== Excerpted data

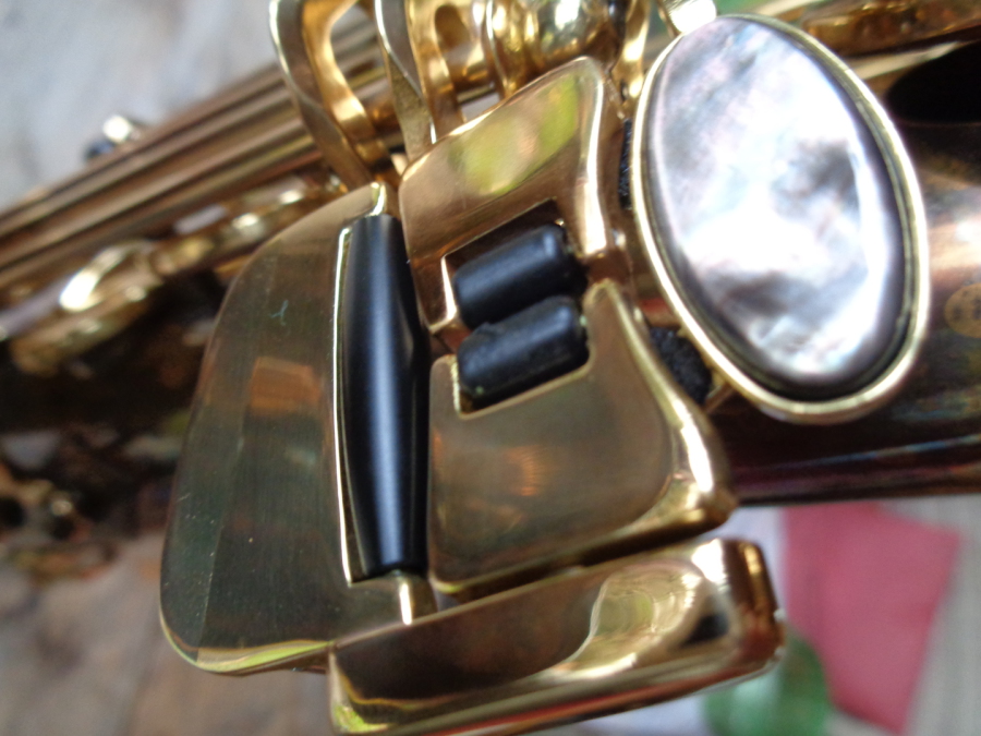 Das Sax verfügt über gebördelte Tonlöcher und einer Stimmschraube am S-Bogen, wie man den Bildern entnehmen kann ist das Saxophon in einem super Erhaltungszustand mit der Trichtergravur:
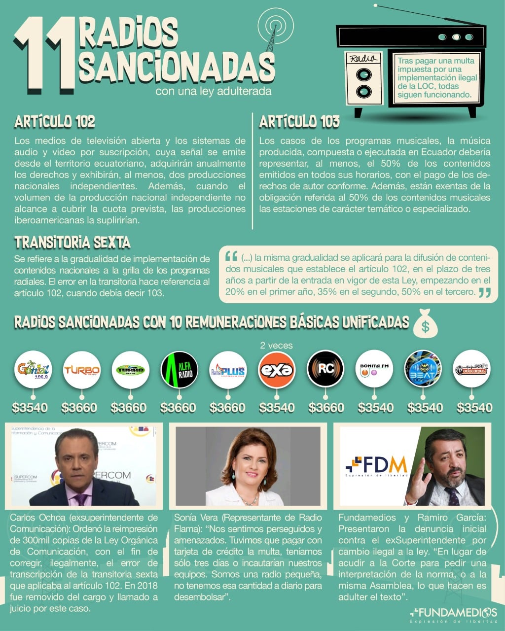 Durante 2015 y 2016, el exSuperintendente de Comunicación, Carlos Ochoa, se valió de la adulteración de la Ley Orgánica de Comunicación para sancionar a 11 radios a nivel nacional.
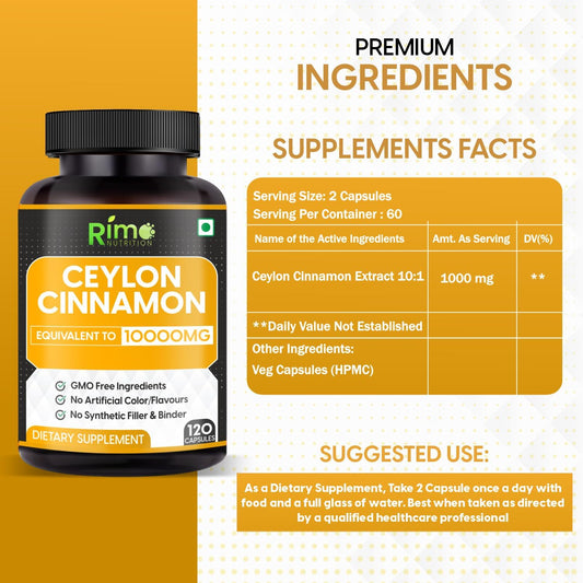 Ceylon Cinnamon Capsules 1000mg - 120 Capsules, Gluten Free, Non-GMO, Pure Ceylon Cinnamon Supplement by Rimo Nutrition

====
== Excerpted data

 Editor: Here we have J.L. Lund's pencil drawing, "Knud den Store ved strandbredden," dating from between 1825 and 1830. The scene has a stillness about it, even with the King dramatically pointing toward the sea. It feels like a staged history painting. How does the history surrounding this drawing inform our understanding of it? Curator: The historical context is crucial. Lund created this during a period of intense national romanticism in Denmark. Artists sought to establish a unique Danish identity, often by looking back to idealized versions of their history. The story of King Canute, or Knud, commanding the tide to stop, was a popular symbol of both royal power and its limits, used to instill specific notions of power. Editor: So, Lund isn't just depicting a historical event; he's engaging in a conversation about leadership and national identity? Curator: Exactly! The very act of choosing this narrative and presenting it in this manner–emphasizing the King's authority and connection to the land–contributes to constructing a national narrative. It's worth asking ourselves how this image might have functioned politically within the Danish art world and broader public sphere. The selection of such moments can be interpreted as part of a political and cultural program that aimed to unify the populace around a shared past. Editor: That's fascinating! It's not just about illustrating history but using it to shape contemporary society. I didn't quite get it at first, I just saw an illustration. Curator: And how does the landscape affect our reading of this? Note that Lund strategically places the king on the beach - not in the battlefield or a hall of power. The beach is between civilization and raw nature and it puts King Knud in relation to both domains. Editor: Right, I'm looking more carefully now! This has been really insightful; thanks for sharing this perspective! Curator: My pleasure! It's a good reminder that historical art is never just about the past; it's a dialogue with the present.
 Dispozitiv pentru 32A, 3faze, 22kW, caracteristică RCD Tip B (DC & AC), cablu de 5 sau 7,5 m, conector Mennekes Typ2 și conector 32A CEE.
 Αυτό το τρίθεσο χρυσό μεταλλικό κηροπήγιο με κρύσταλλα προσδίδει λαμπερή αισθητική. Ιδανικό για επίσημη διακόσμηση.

====
== Excerpted data

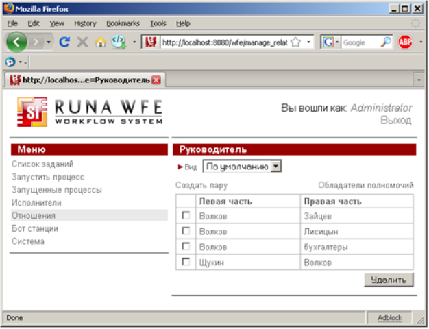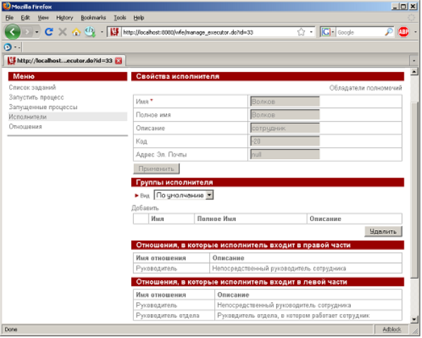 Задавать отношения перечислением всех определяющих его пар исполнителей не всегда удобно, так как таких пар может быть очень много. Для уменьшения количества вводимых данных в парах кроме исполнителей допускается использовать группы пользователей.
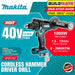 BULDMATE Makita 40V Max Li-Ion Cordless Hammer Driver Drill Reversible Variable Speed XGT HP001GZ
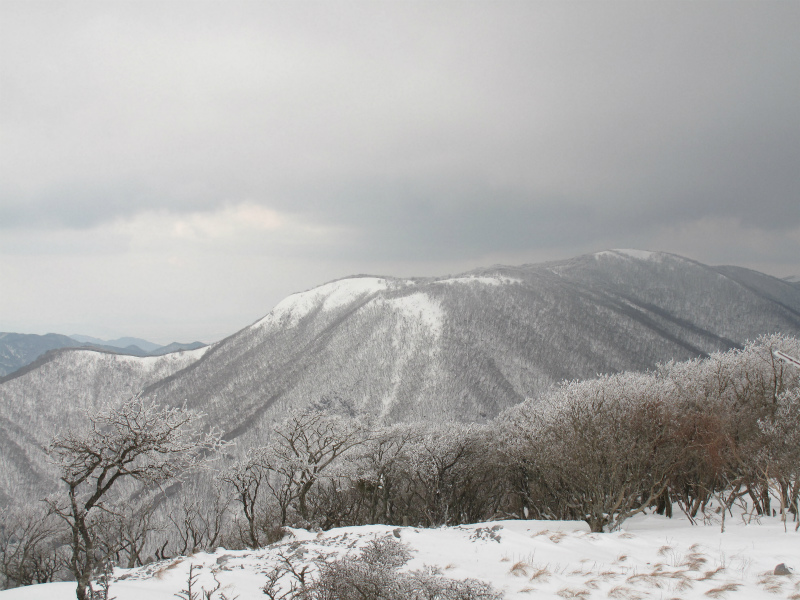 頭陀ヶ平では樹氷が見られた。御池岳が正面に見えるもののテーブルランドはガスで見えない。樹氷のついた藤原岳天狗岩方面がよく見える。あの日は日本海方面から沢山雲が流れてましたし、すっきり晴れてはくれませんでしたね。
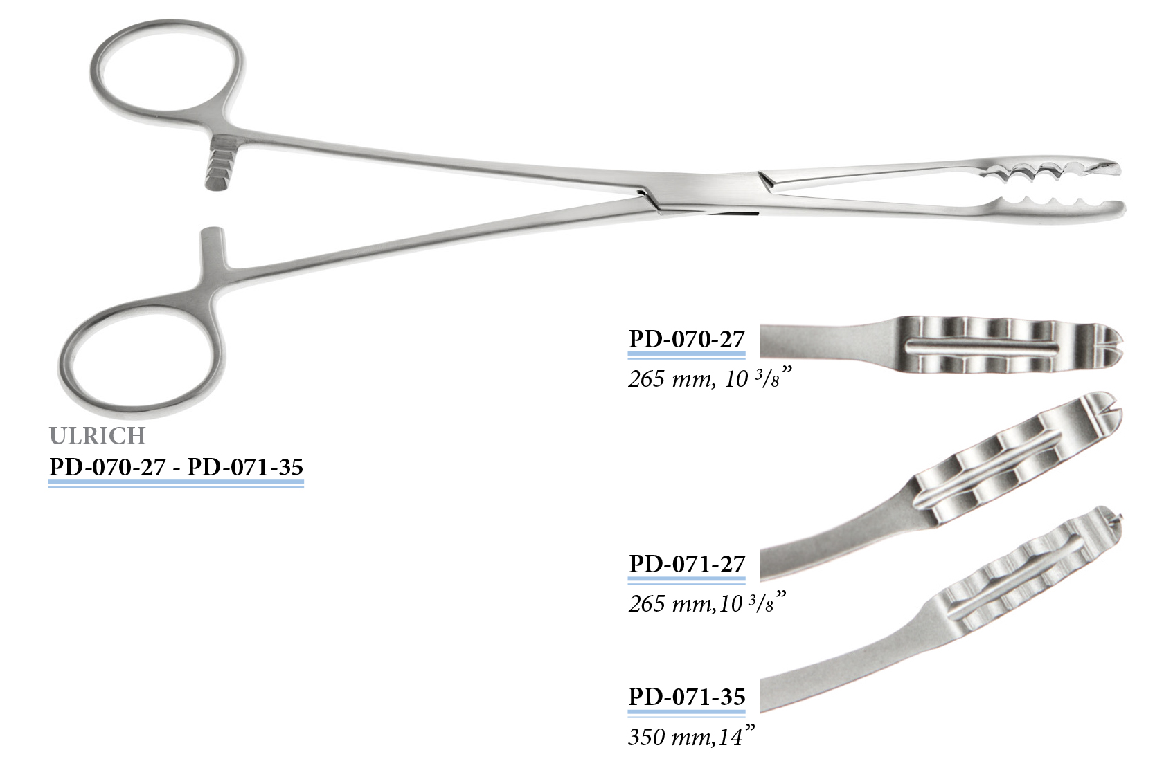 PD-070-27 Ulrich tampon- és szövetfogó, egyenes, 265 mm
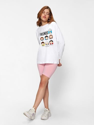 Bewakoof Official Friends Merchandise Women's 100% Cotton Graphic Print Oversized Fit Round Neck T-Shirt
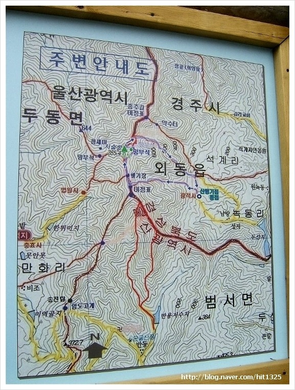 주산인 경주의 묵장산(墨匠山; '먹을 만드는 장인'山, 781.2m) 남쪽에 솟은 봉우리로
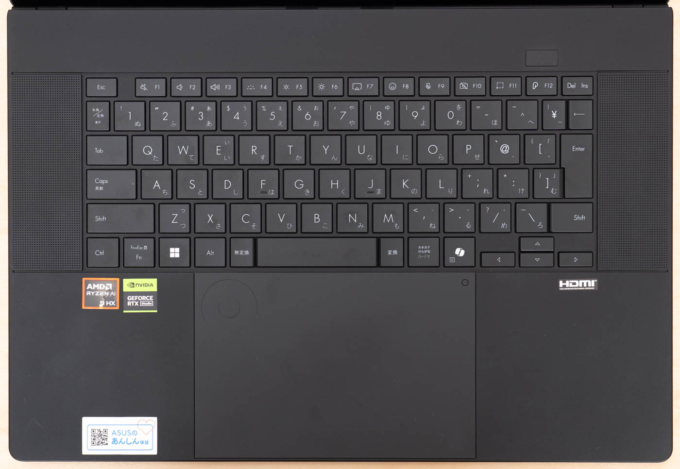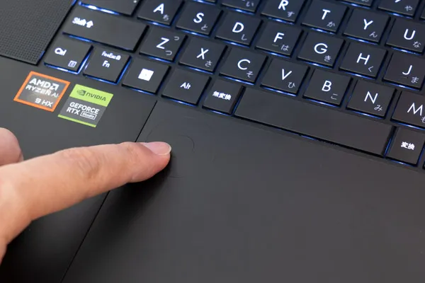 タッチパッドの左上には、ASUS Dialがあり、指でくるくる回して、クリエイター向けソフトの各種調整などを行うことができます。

====

== What to work on ==
Print the part of the listing above that opens with the line containing "Das Sax verfügt" and closes with the line containing "Ceylon Cinnamon Capsules". Copy it exactly, both ends included, and omit the pictures.

== Task output ==
 Das Sax verfügt über gebördelte Tonlöcher und einer Stimmschraube am S-Bogen, wie man den Bildern entnehmen kann ist das Saxophon in einem super Erhaltungszustand mit der Trichtergravur:
 Durante 2015 y 2016, el exSuperintendente de Comunicación, Carlos Ochoa, se valió de la adulteración de la Ley Orgánica de Comunicación para sancionar a 11 radios a nivel nacional.
 Ceylon Cinnamon Capsules 1000mg - 120 Capsules, Gluten Free, Non-GMO, Pure Ceylon Cinnamon Supplement by Rimo Nutrition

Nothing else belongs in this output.